The ARM Cortex-M3 (CM3) architecture is a 32-bit microcontroller core designed to replace many 8-bit and 16-bit devices by offering faster speeds and advanced system features.
Leveraging these advanced features requires a sound understanding of the CM3 hardware as well as dedicated systems software development.
This article explains the CM3 hardware used for pre-emptive context switching as well as how to develop systems software routines that enable multi-tasking programs.
Understanding the CM3 Hardware
The CM3 has dedicated multi-tasking hardware including task-switching interrupts (SysTick and PendSV) and two stack pointers.
The SysTick hardware consists of a 24-bit timer that triggers an interrupt each time it counts to zero.
The PendSV interrupt is a software request, which can manually force a context switch.
Essentially, the SysTick interrupt enables round-robin style scheduling while the PendSV supports FIFO style.
The stack pointers for the CM3 include the main stack pointer (MSP) and the process stack pointer (PSP).
The MSP is always used when in handler mode (when an interrupt is being serviced) and can optionally be used during regular program execution.
The PSP is limited to use during regular program execution.
This gives the system designer several options.
The ARM Cortex-M3 technical reference manual suggests one configuration:
“For a basic protected thread model, the user threads run in Thread mode using the process stack, and the kernel and the interrupts run privileged using the main stack.”
Alternatively, the MSP can be used exclusively for handling interrupts (privileged) while the PSP executes all other execution threads (unprivileged).
To create a pre-emptive, multitasking system with the CM3 hardware, the systems designer must design a task table as well as routines for:
initializing the switching system, creating new tasks, and handling the context switching interrupts.
An entry in the task table can be as simple as the task stack pointer and a set of flags telling the context switcher which tasks to execute.
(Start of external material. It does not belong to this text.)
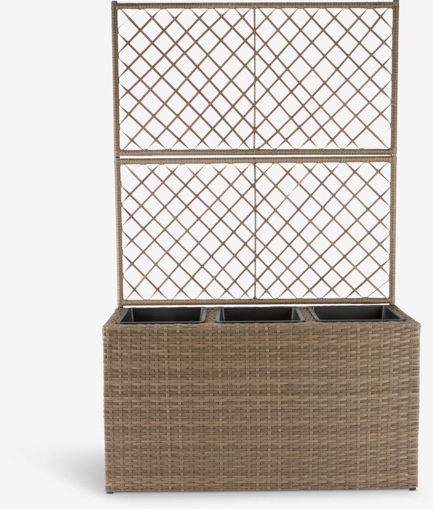 Plantekasse med espalier, laget av petan og galvanisert stål. Ideell for å lage et grønt gjerde rundt terrassen eller for å dele opp uterommet. Espalieret gir støtte til klatreplanter, og når det er dekket gir det en vakker og dekorativ effekt. Et dreneringshull kan enkelt lages for å sikre at overflødig vann kan renne vekk. B30 x L83 x H130 cm

Typedef struct { Void * stack; //Task’s stack pointer Uint32_t flags; //In Use flag and dynamic execution flag } task_table_t;
This implementation uses two flags.
One flag indicates if an entry is “in use” while the other is a dynamic execution flag.
The “in use” flag is helpful when creating tasks to indicate which table entries are available.
The dynamic execution flag allows the context switcher to quickly decide whether or not to execute any given task.
If memory is sparse, a NULL stack pointer can be the “in use” flag, and the LSb of the stack pointer can act as the dynamic execution flag
(since the stack is word-aligned the bottom two LSb’s are not used). Doing this requires additional overhead when switching to ensure the bottom two LSb’s are masked properly.
A detailed understanding of the CM3 stacking hardware and register convention is imperative to implementing multi-tasking handling routines.
Figure 1 below shows the different values assigned to the PSP when switching tasks.
Figure 1: Values assigned to the PSP when switching tasks
When an interrupt request is serviced on the CM3, some registers (see “Hardware Stack Frame” in Figure 1)
are automatically pushed by hardware onto the current stack—in this case, the process stack.
Software must save the remaining general-purpose registers (see “Software Stack Frame”).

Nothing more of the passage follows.